#### [Raw data]
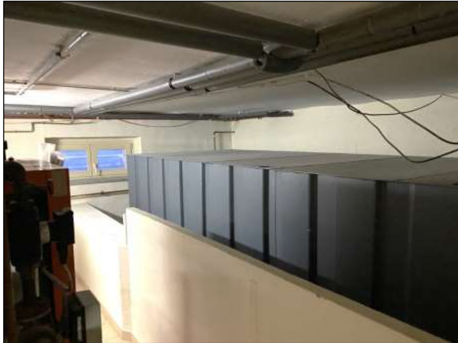
kellergeschweißter Stahltank mit Öl-Auslaufwanne und Heizkessel links im Bild
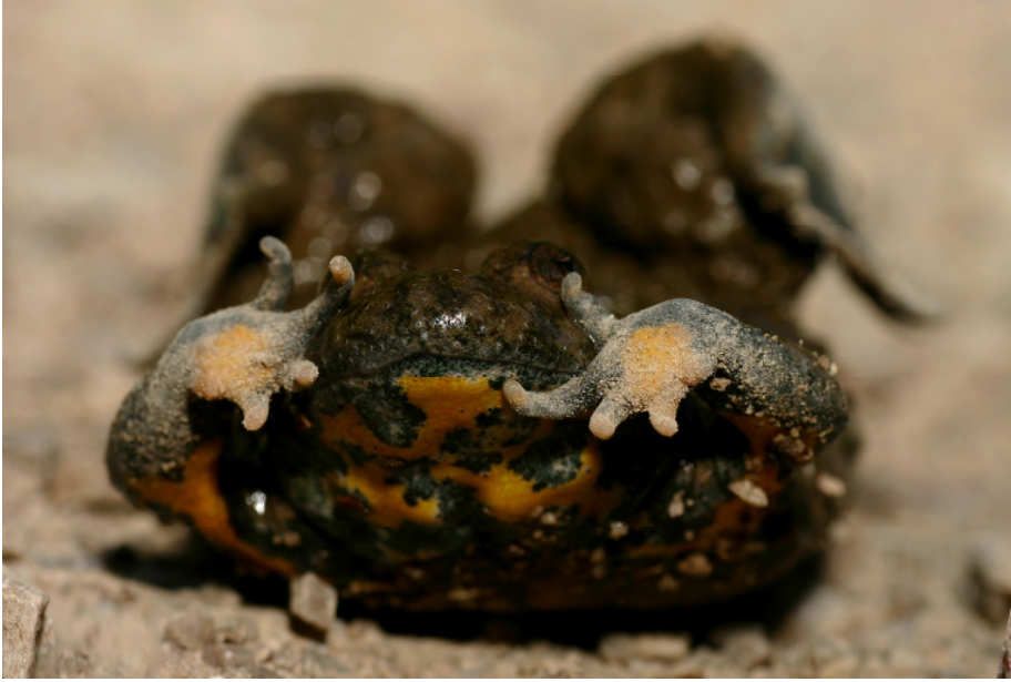
Ecce positio lintriformis (quae similis est lintri). Quâ positione terrore effectâ praedatores monentur de veneno Bombinae variegatae cutaneo.
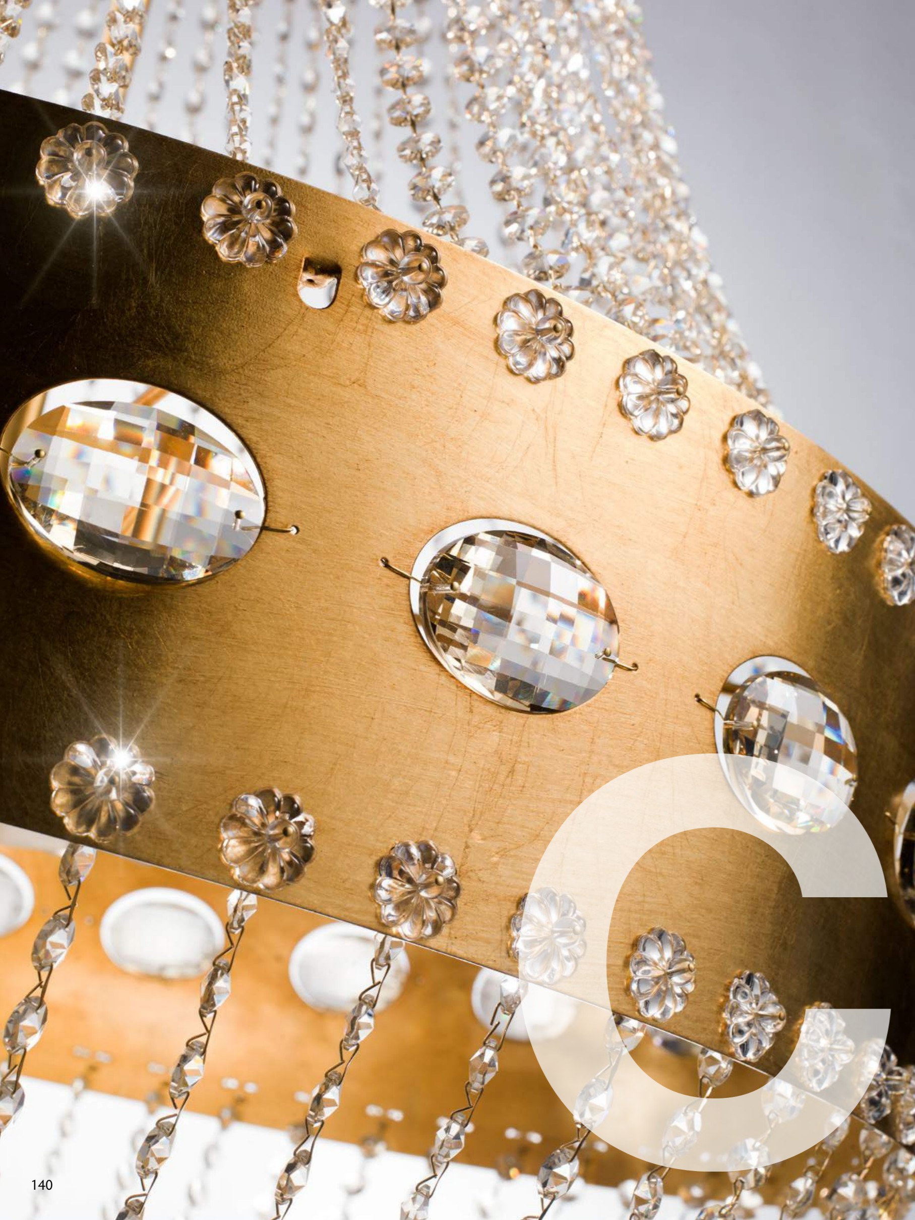
1235/18LA COLORE: ORO FOGLIA COD. 3001 CM. H. 118 x Ø 90 18 x G9 MAX 40 WATT
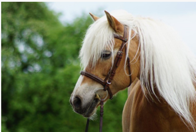
Unser Pferd Arve
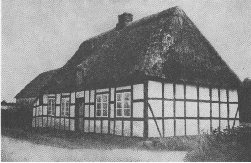
Distriktsskole i Norby, Krop s., opført 1833. Efter Krauss: »Geschichte des Kirchspiels Kropp«

de i 1820 omdannedes til normalskole for begge hertugdømmer. Der var på ny skabt et tysk kulturcentrum i Sydslesvig; thi i de følgende år aflagde et stort antal lærere besøg i Eckernförde for på kursus af 14 dages varighed at blive præpareret med kendskab til den nye metodes kunstfærdige, eksercitslignende teknik og dens materialer 10 . 1845 var den indbyrdes undervisning indført ved 306 skoler i Slesvig og delvis ved 159 11 .
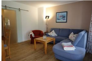
Das Wohnzimmer mit gemütlichem Sofa
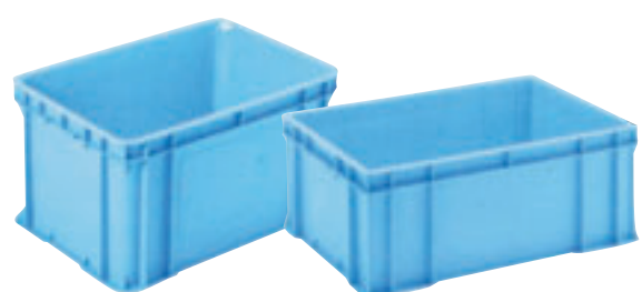
⑥ RBボックス(深型) E-16 直
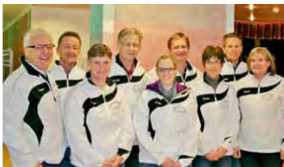
Das OK des kantonalen Jugitages freut sich auf euren Besuch in Steinen.
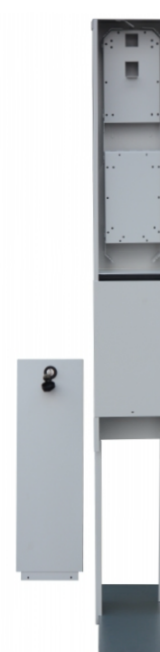
RSZ-146/18/10 - 16J
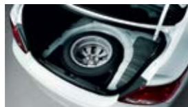
Полноразмерное запасное колесо
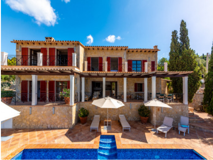
Villa y piscina
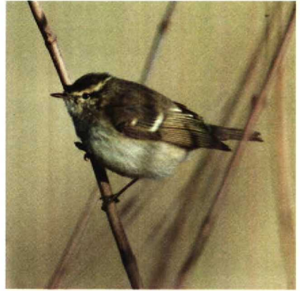
26 Hume's Warbler Phylloscopus humei , New Biggin, Northumberland, Britain, November 1989 (A S Butler)
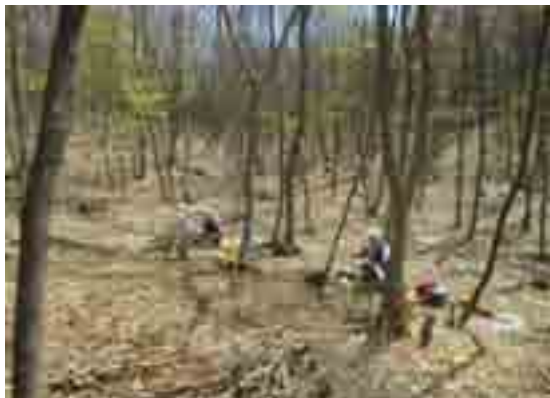
明るい雑木林、昨秋、伐倒していた材の集材
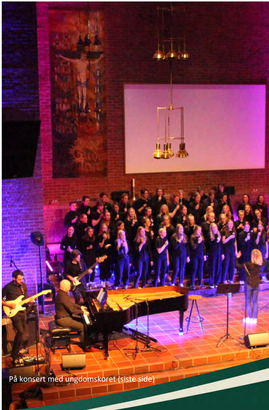
På konsert med ungdomskoret (siste side)
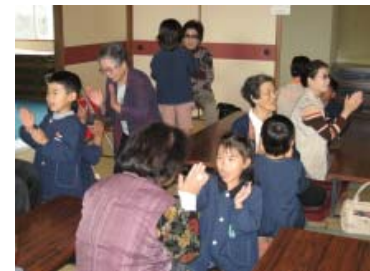
【いきいきサロンとの交流】
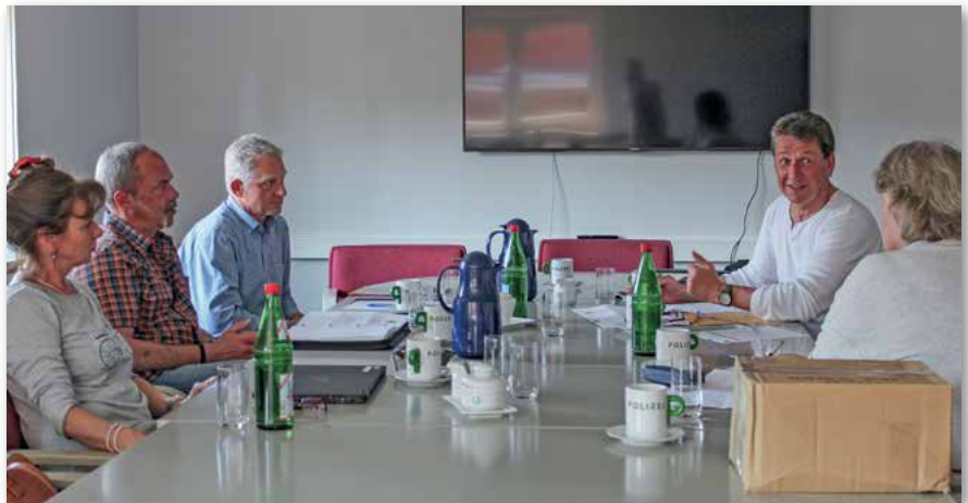
Der GdP-Fachausschuss Kriminalpolizei trifft sich regelmäßig, um sich auszutauschen und Forderungen zu formulieren.

Die GdP thematisiert seit Jahren, dass die Polizei sich intensiver mit der Aus- und Fortbildung aller Polizeivollzugsbeamtinnen und -beamten beschäftigen muss. Die Inhalte sind
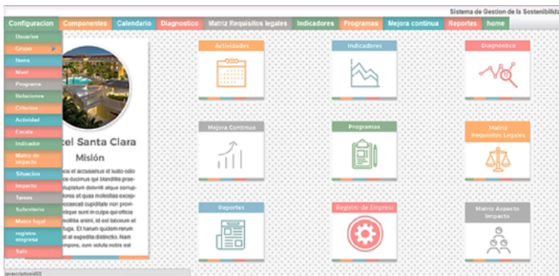
Figura 4. Funcionalidades del sistema NTSOFT

Los resultados del diagnóstico serán tomados como referencia inicial para que el responsable del sistema de gestión determine las debilidades que debe mejorar y las fortalezas que ha de mantener para dar cumplimiento
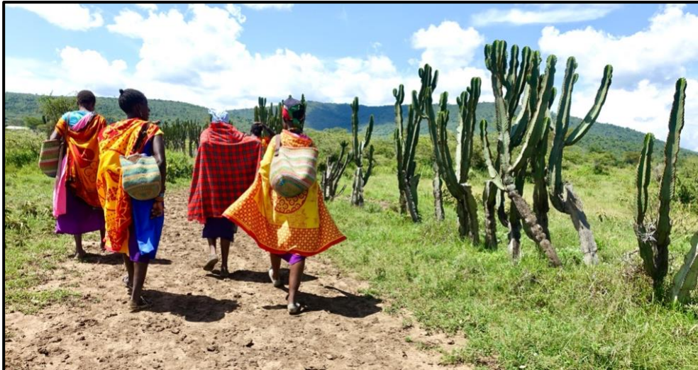
Kleurrijke Masaai-vrouwen uit de omgeving gaan shoppen in Lemek.

Vanaf oktober-2020 vergaderden we digitaal vanwege de Covid19-pandemie.
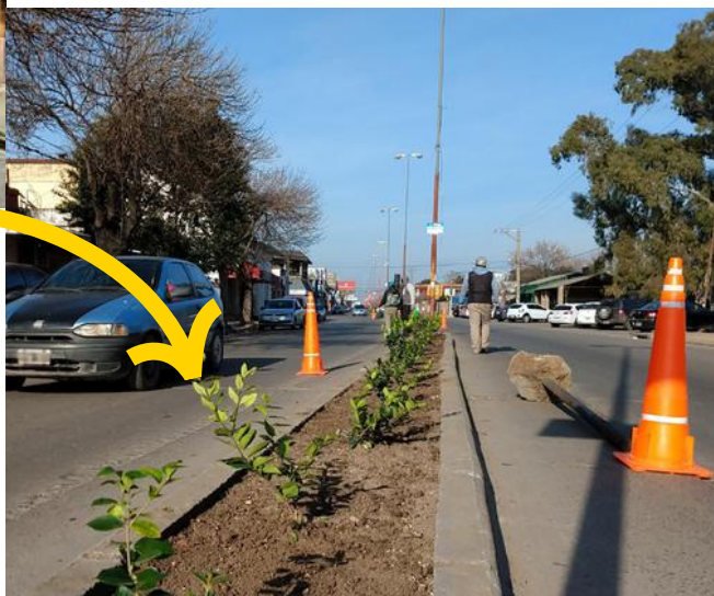
Plantas divisorias Av. Juan D. Peron

En una primer etapa se inicio con la compra y colocación de guirnaldas de luces led por Av. Mitre, continuando por Av. Filippini y Av. Juan Domingo Peron.
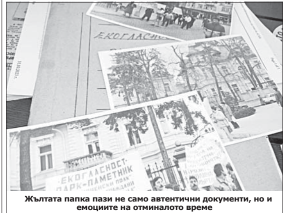
Жълтата папка пази не само автентични документи, но и емоциите на отминало време

която, както и на национално ниво, след няколко месеца, през пролетта на 1990-та, се реструктурира като Политически клуб, с цел участие в предстоящите избори, на което независимите сдружения нямат право. В Казанлък започва организацията и провеждането на огромни митинги, шествия, кръгли маси, протести пред Община-та – тогава Шипковата къща,

#### [Exercise description]
Only the lines from the first line of the entries through the line containing "Los resultados del" should be output, exactly as they are, without pictures.

#### [Worked solution]
kellergeschweißter Stahltank mit Öl-Auslaufwanne und Heizkessel links im Bild
Ecce positio lintriformis (quae similis est lintri). Quâ positione terrore effectâ praedatores monentur de veneno Bombinae variegatae cutaneo.
1235/18LA COLORE: ORO FOGLIA COD. 3001 CM. H. 118 x Ø 90 18 x G9 MAX 40 WATT
Unser Pferd Arve
Distriktsskole i Norby, Krop s., opført 1833. Efter Krauss: »Geschichte des Kirchspiels Kropp«

de i 1820 omdannedes til normalskole for begge hertugdømmer. Der var på ny skabt et tysk kulturcentrum i Sydslesvig; thi i de følgende år aflagde et stort antal lærere besøg i Eckernförde for på kursus af 14 dages varighed at blive præpareret med kendskab til den nye metodes kunstfærdige, eksercitslignende teknik og dens materialer 10 . 1845 var den indbyrdes undervisning indført ved 306 skoler i Slesvig og delvis ved 159 11 .
Das Wohnzimmer mit gemütlichem Sofa
⑥ RBボックス(深型) E-16 直
Das OK des kantonalen Jugitages freut sich auf euren Besuch in Steinen.
RSZ-146/18/10 - 16J
Полноразмерное запасное колесо
Villa y piscina
26 Hume's Warbler Phylloscopus humei , New Biggin, Northumberland, Britain, November 1989 (A S Butler)
明るい雑木林、昨秋、伐倒していた材の集材
På konsert med ungdomskoret (siste side)
【いきいきサロンとの交流】
Der GdP-Fachausschuss Kriminalpolizei trifft sich regelmäßig, um sich auszutauschen und Forderungen zu formulieren.

Die GdP thematisiert seit Jahren, dass die Polizei sich intensiver mit der Aus- und Fortbildung aller Polizeivollzugsbeamtinnen und -beamten beschäftigen muss. Die Inhalte sind
Figura 4. Funcionalidades del sistema NTSOFT

Los resultados del diagnóstico serán tomados como referencia inicial para que el responsable del sistema de gestión determine las debilidades que debe mejorar y las fortalezas que ha de mantener para dar cumplimiento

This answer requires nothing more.